Find "東勝寺と寶戒寺中心の鳥瞰図。勝長寿院があった大御堂ヶ谷に下る道は通じていない。" in the material, then return exactly the line containing it and all lines after it to the end, leaving out pictures.

TASK INPUT:
★ ★ ★ ★ ★ ★ ★
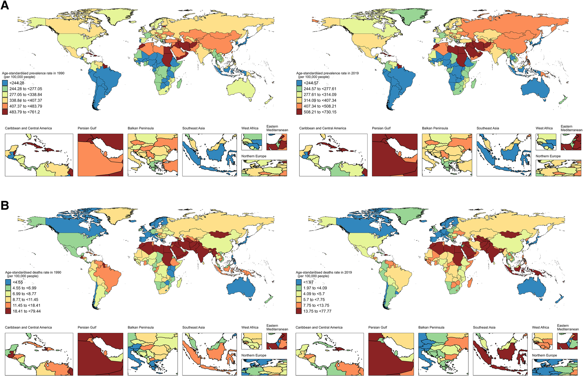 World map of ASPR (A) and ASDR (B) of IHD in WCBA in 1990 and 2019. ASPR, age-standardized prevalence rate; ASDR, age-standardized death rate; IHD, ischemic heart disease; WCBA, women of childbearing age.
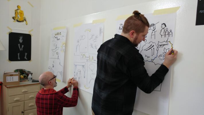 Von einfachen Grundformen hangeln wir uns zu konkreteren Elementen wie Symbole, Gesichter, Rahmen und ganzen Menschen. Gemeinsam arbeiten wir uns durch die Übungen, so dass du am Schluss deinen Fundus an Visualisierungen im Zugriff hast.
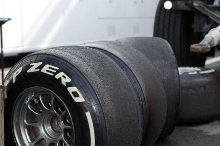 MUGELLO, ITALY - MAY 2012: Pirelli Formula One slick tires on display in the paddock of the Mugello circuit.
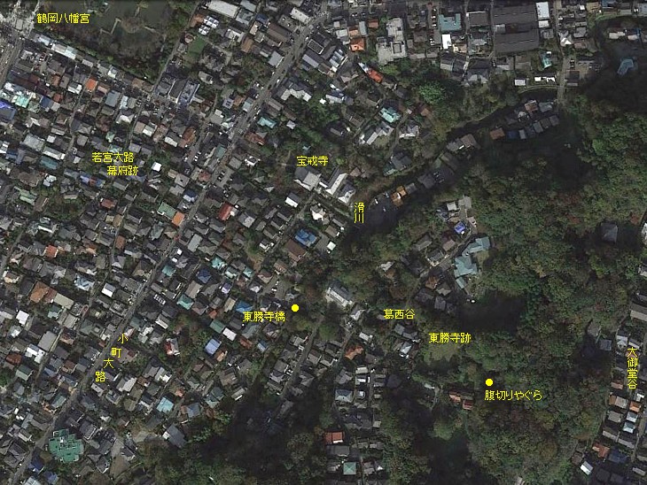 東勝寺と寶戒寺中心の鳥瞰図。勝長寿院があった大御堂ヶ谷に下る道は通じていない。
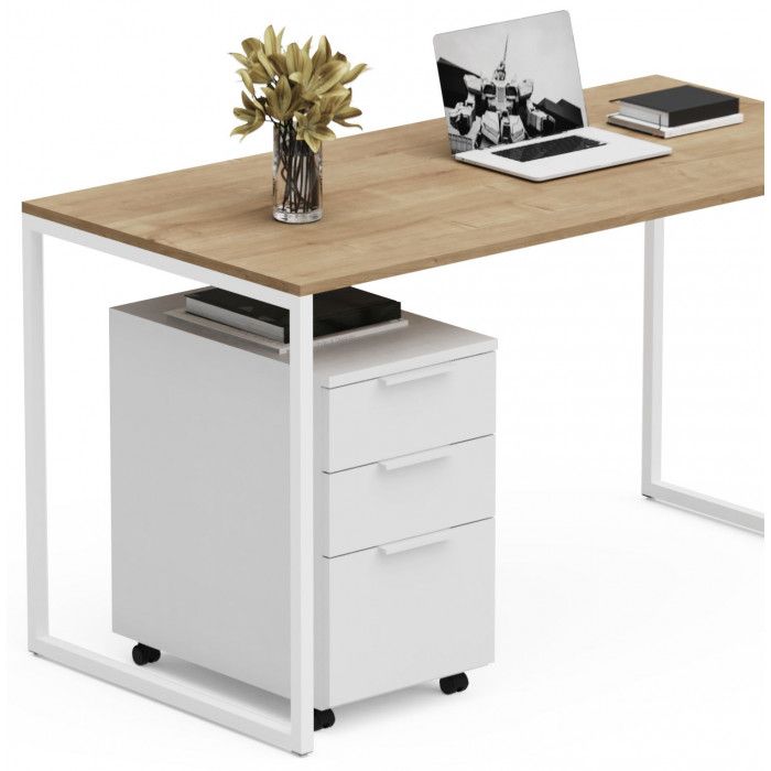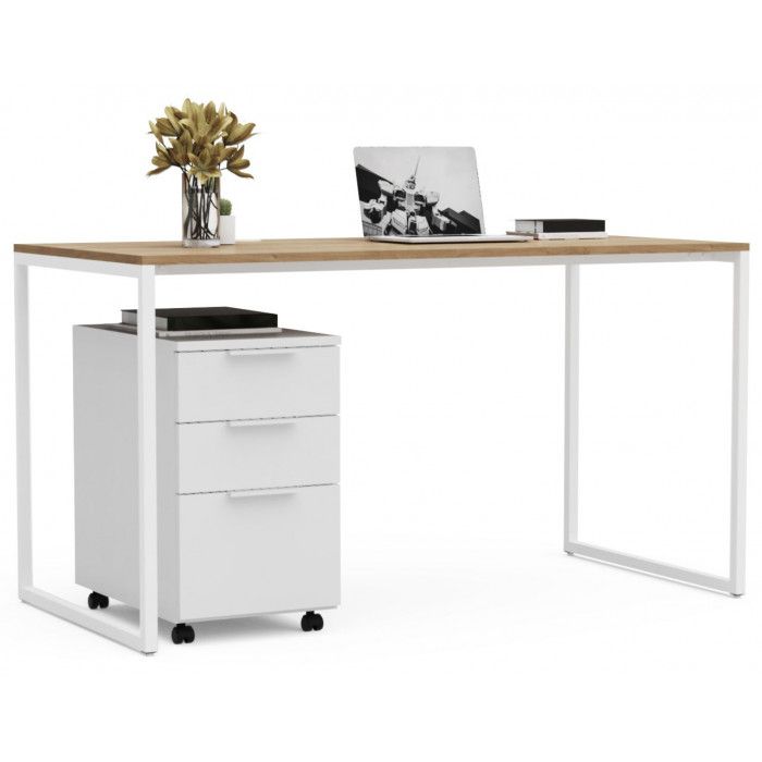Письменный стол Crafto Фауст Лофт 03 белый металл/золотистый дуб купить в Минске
★ ★ ★ ★ ★ ★ ★
COMPLETED EXERCISE:
 東勝寺と寶戒寺中心の鳥瞰図。勝長寿院があった大御堂ヶ谷に下る道は通じていない。
Письменный стол Crafto Фауст Лофт 03 белый металл/золотистый дуб купить в Минске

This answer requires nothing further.